We were on our way home 10 days later. Walking out of the doors to the cardiovascular care center was bittersweet. We said goodbye to people who came to mean a great deal to us and thanked them over and over for all of the amazing things they did for Cole and our family even though “thank you” wasn’t nearly big enough to show our appreciation.

Today, Cole is 4 and in preschool, getting ready for kindergarten in the fall. He continues to beat the odds. He has fun playing with Tara and his little sister, Ayda. He loves to golf and is looking forward to start logrolling this summer. He still has an internal cardiac defibrillator (ICD) that was placed during the early part of his stay at Children’s. The ICD continuously monitors his heart rhythms and would deliver a shock if his heart were to have another episode, but we’re hopeful and optimistic that Cole will never need that type of intervention again.
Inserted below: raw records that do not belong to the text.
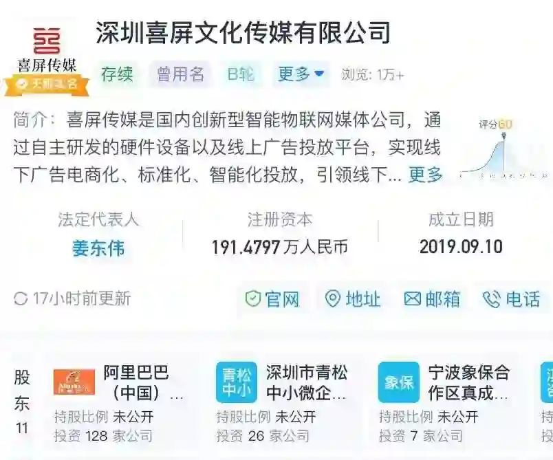 2022年3月10日,专注社区电梯广告的喜屏传媒,完成B轮融资,投资方为阿里巴巴。喜屏传媒成立于2019年,截至目前已完成多轮融资,过往投资方包括:青松基金、嘉实投资、德同资本、真成投资以及广州日报等等。
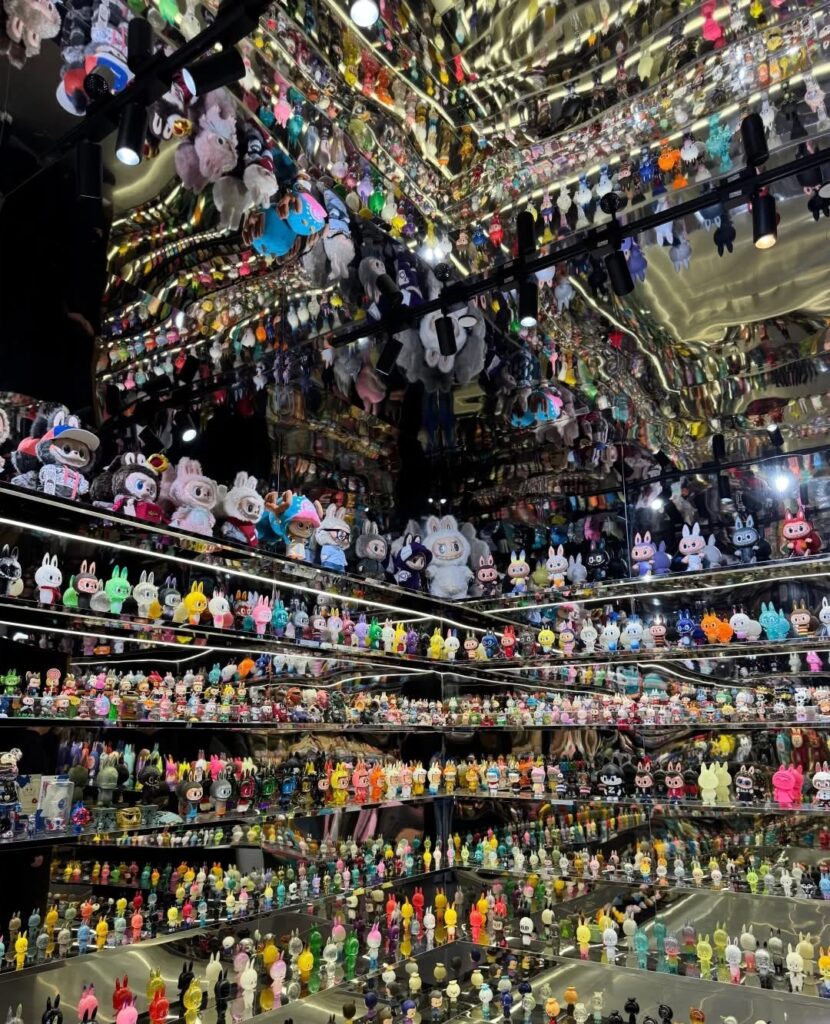 The tour ends at the wonder room, which showcases Lung’s full collection of Labubu vinyls and adjacent creations, including Mokoko, Puca, and Zimomo, all in one place.
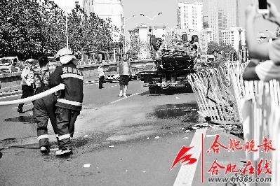 记者在现场看到,事发轿车四脚朝天翻在马路中,一段近20米长的护栏被压在车下,猛烈的撞击下,轿车车头完全变形,已看不出原貌。而油箱也在撞击中破损,汽油不断渗出,闻讯赶到的消防官兵手持水枪,在旁严阵以待。由于轿车与护栏搅在一起,极难分离,消防官兵不得不动用专门器械对轿车的部分位置进行切割。与此同时,交警部门在事发路段加派警力,指挥过往车辆有序通行。
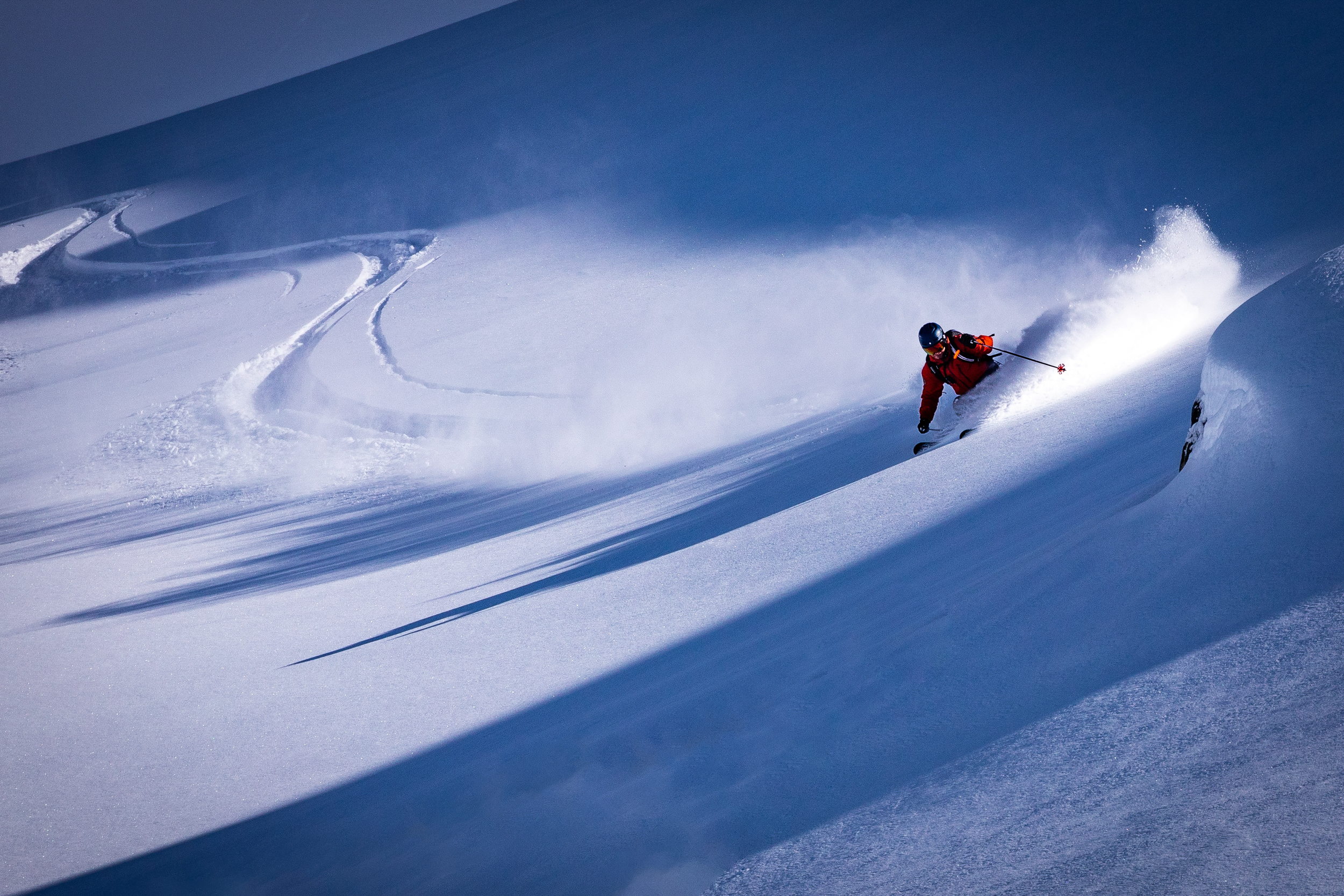 Alaska’s Chugach Mountains offer thousands of square kilometers of skiable terrain. With over 2,000 cm. of snowfall annually, these mountains offer steep skiing and deep powder.

Tara, now 8, participates in Jump Rope For Heart at her school. The annual event raises money for the American Heart Association. She raised more than $2,500 at last year’s event. She tells people about the importance of helping others and paying it forward because so many people helped us when we needed it. Her dedication to helping others landed her on the cover of Time For Kids magazine.

Cole sees his team at Children’s Heart Clinic every six months for checkups. We look forward to these visits to hear good news and to show everyone how far Cole has come. We repeatedly have heard from various staff members that Cole is a reminder to them of why they do what they do.